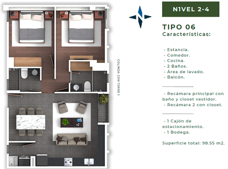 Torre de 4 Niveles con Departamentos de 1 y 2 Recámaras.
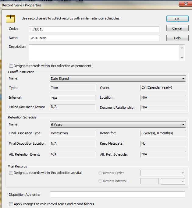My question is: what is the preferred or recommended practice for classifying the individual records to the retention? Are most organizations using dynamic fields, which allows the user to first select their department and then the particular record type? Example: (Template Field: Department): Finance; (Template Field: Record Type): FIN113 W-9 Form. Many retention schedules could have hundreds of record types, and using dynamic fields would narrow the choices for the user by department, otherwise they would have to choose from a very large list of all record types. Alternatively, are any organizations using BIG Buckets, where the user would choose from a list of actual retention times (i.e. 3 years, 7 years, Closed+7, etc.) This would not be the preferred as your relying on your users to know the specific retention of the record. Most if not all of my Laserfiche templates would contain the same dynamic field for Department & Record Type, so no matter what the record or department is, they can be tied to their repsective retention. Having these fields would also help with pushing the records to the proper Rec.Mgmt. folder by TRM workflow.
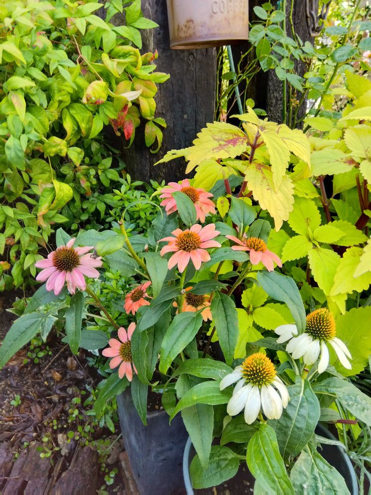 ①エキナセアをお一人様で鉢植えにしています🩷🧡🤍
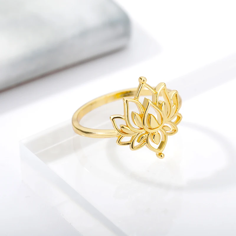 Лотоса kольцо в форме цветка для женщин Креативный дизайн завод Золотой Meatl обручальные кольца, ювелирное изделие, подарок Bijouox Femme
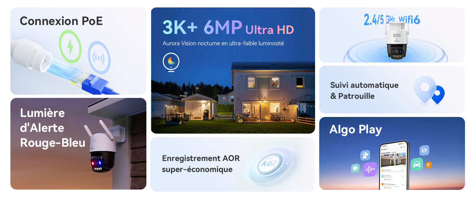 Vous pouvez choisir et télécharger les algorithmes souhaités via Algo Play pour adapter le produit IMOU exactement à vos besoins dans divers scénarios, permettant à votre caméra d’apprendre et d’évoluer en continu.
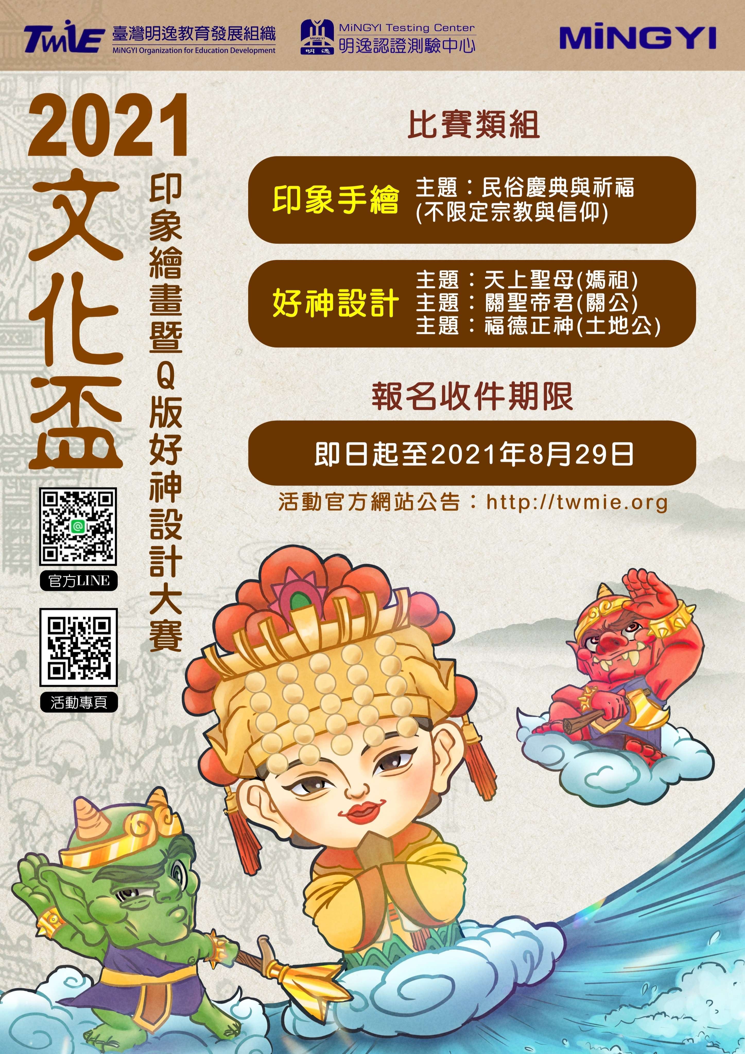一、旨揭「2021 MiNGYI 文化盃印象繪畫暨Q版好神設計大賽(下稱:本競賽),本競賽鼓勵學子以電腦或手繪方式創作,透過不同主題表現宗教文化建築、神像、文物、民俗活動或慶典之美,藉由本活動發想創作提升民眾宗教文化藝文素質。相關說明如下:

++++++

### TASK INSTRUCTIONS
Return the opening line of the data above and every line after it up to and including the line that holds "①エキナセアをお一人様で鉢植えにしています🩷🧡🤍"; pictures stay out.

### TASK OUTPUT
 Torre de 4 Niveles con Departamentos de 1 y 2 Recámaras.
My question is: what is the preferred or recommended practice for classifying the individual records to the retention? Are most organizations using dynamic fields, which allows the user to first select their department and then the particular record type? Example: (Template Field: Department): Finance; (Template Field: Record Type): FIN113 W-9 Form. Many retention schedules could have hundreds of record types, and using dynamic fields would narrow the choices for the user by department, otherwise they would have to choose from a very large list of all record types. Alternatively, are any organizations using BIG Buckets, where the user would choose from a list of actual retention times (i.e. 3 years, 7 years, Closed+7, etc.) This would not be the preferred as your relying on your users to know the specific retention of the record. Most if not all of my Laserfiche templates would contain the same dynamic field for Department & Record Type, so no matter what the record or department is, they can be tied to their repsective retention. Having these fields would also help with pushing the records to the proper Rec.Mgmt. folder by TRM workflow.
 ①エキナセアをお一人様で鉢植えにしています🩷🧡🤍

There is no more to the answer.